Task to carry out: Start with the line that holds "wahrnehmbaren Raum formiert.". Please copy it and each remaining line below exactly, leaving pictures out.

Supplied information:
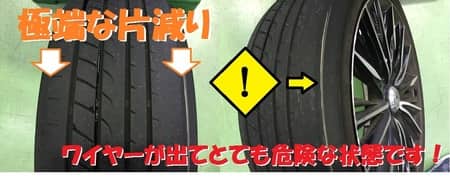 アライメント測定は今まで一度もされた事が無いという事・タイヤの磨耗の仕方・
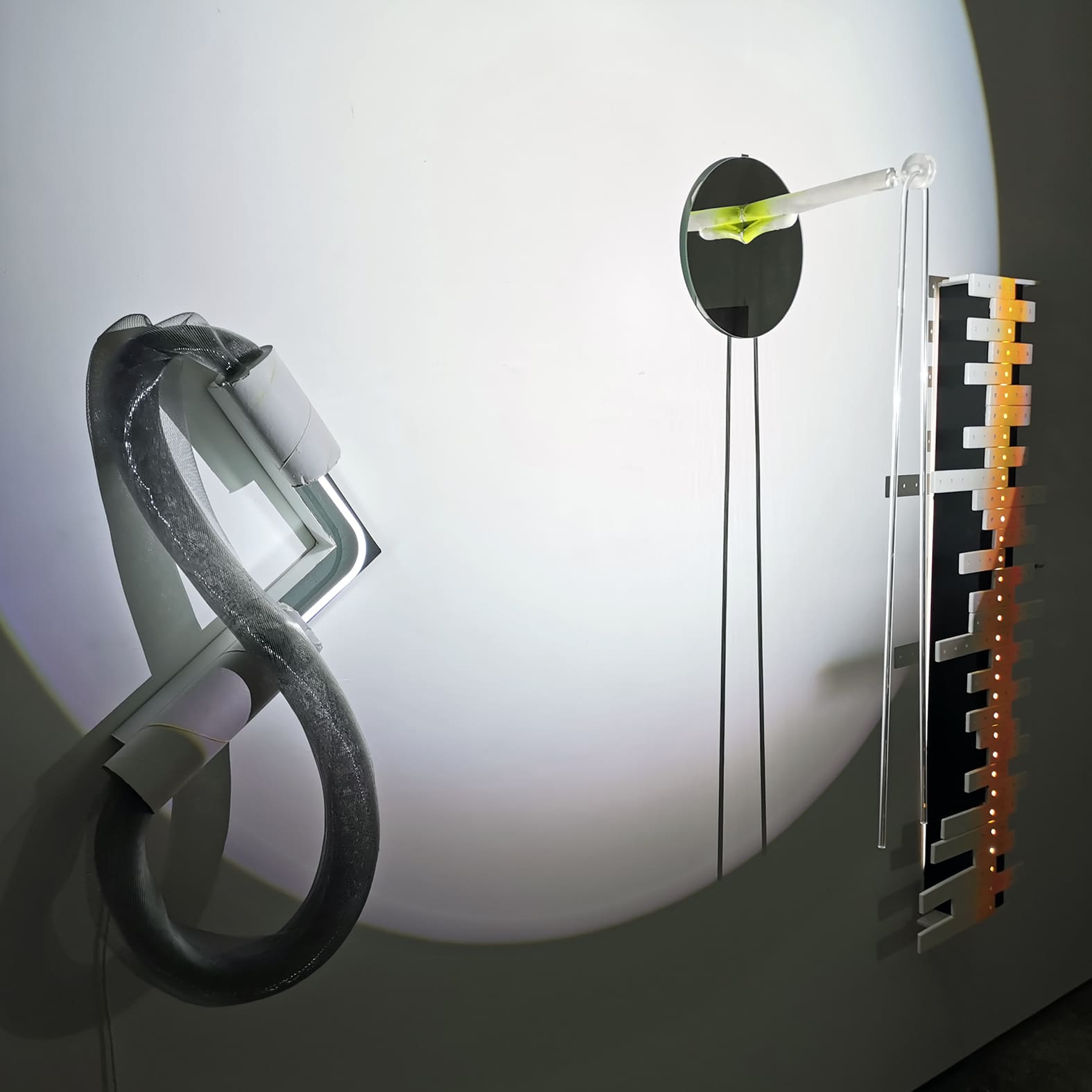 “Light is a small story of infinity” 2020 ist ein Triptychon von Skulpturen die sich der Idee der objektorientierten Onthologie von Licht verschrieben haben. Das Material erzählt eine Geschichte es wird zur Interpretation oder zur Manipulation. Das Licht verstärkt die Annahmen oder überzeichnet den Sinn der Sinnlichkeit. Es ist das Experiment einer Formensprache, der Koexistenz der sich im physischen-materiell wahrnehmbaren Raum formiert.
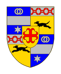 Écartelé: aux I et IV d’azur à la fasce d’argent, accompagnée en chef de deux annelets entrelacés du même, en pointe d’une étoile à six rais aussi d’argent, aux II et III d’or au lévrier courant de sable, au chef d’argent chargé de trois fers de moulin de gueules, et sur le tout d’or à la croix ancrée de gueules.
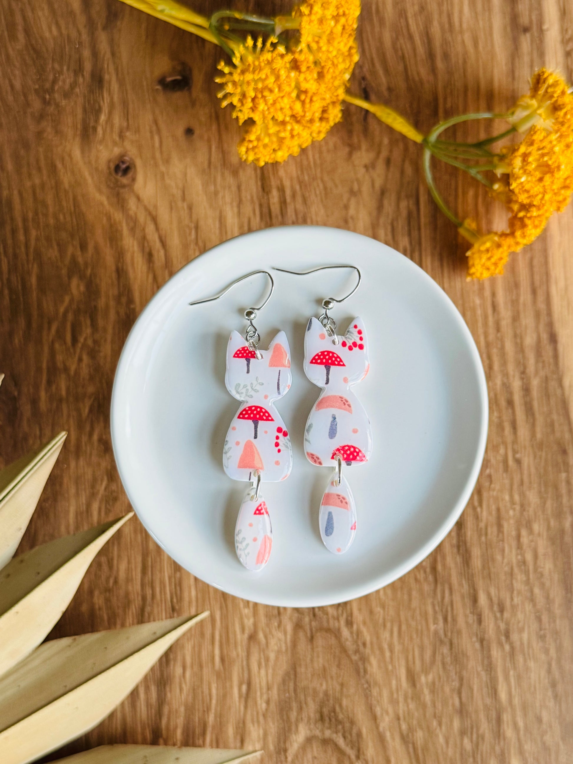 Shroom-print cat dangle earrings. Available on gold or silver classic fishhook. (Gold alloy/rhodium plated respectively, nickel-free hooks.)

Response to this task:
 “Light is a small story of infinity” 2020 ist ein Triptychon von Skulpturen die sich der Idee der objektorientierten Onthologie von Licht verschrieben haben. Das Material erzählt eine Geschichte es wird zur Interpretation oder zur Manipulation. Das Licht verstärkt die Annahmen oder überzeichnet den Sinn der Sinnlichkeit. Es ist das Experiment einer Formensprache, der Koexistenz der sich im physischen-materiell wahrnehmbaren Raum formiert.
 Écartelé: aux I et IV d’azur à la fasce d’argent, accompagnée en chef de deux annelets entrelacés du même, en pointe d’une étoile à six rais aussi d’argent, aux II et III d’or au lévrier courant de sable, au chef d’argent chargé de trois fers de moulin de gueules, et sur le tout d’or à la croix ancrée de gueules.
 Shroom-print cat dangle earrings. Available on gold or silver classic fishhook. (Gold alloy/rhodium plated respectively, nickel-free hooks.)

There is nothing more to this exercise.